■ **REQUIRED ACTION**: Repeat only the lines below from the one that contains "The assessment consisted" through the final line, exactly. Omit pictures.

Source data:
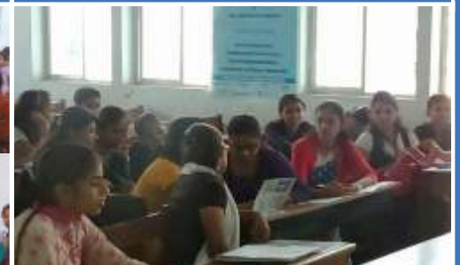
Shiksha: Teaching English and Mathematics to government school students
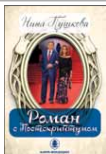
Роман са П.С.
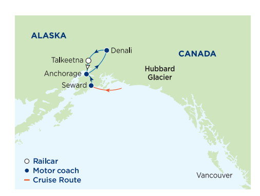
DAY 1-8 - CRUISE | 7-night sailing from Vancouver to Seward
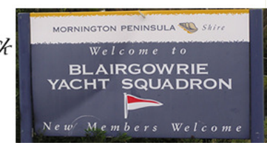
Blairgowrie Marina – Port Phillip Bay 1 Melway Map Ref : 167 E1

Dive is shore entry and across the sea grass beds, or off the jetty landing approximately 180m out along the walkway.
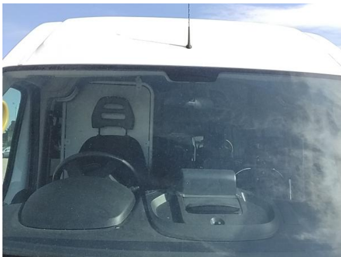
1: Screen Front Chipped Over 10mm
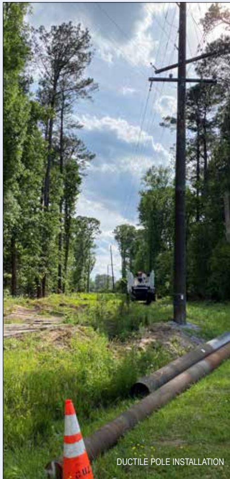
DUCTILE POLE INSTALLATION
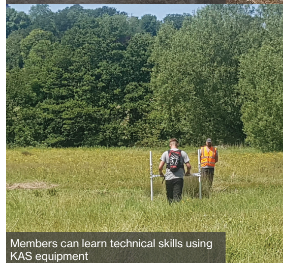
Members can learn technical skills using KAS equipment
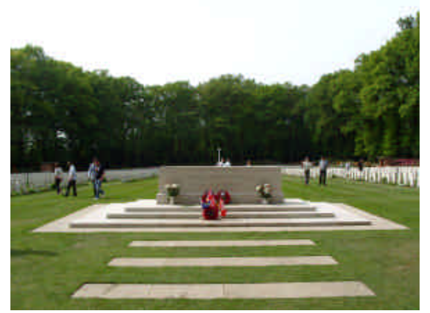
The Airborne War Cemetery
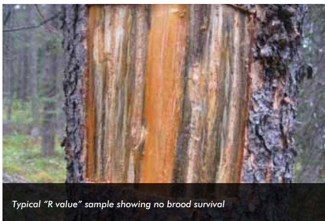
Typical "R value" sample showing no brood survival

The assessment consisted of removing 225cm 2 (15 cm X 15 cm) bark samples at breast height (1.3 m) from the north and south sides of each of 10 trees per site and counting the surviving broods. No living progeny were found in any of the 172 samples (Photo 2). Note only six trees were sampled at one site. Heavy woodpecker debarking was seen at all sites. Little or no larval development was seen in most samples.
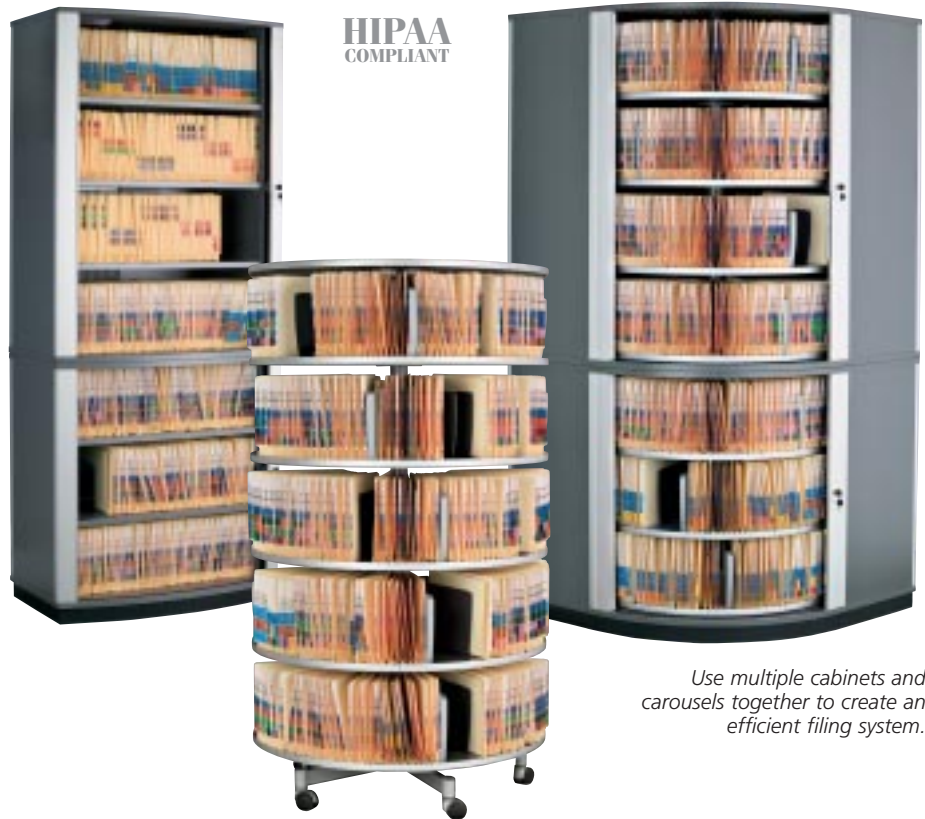
Use multiple cabinets and carousels together to create an efficient filing system.

■ **OUTPUT FOR THIS EXERCISE**:
The assessment consisted of removing 225cm 2 (15 cm X 15 cm) bark samples at breast height (1.3 m) from the north and south sides of each of 10 trees per site and counting the surviving broods. No living progeny were found in any of the 172 samples (Photo 2). Note only six trees were sampled at one site. Heavy woodpecker debarking was seen at all sites. Little or no larval development was seen in most samples.
Use multiple cabinets and carousels together to create an efficient filing system.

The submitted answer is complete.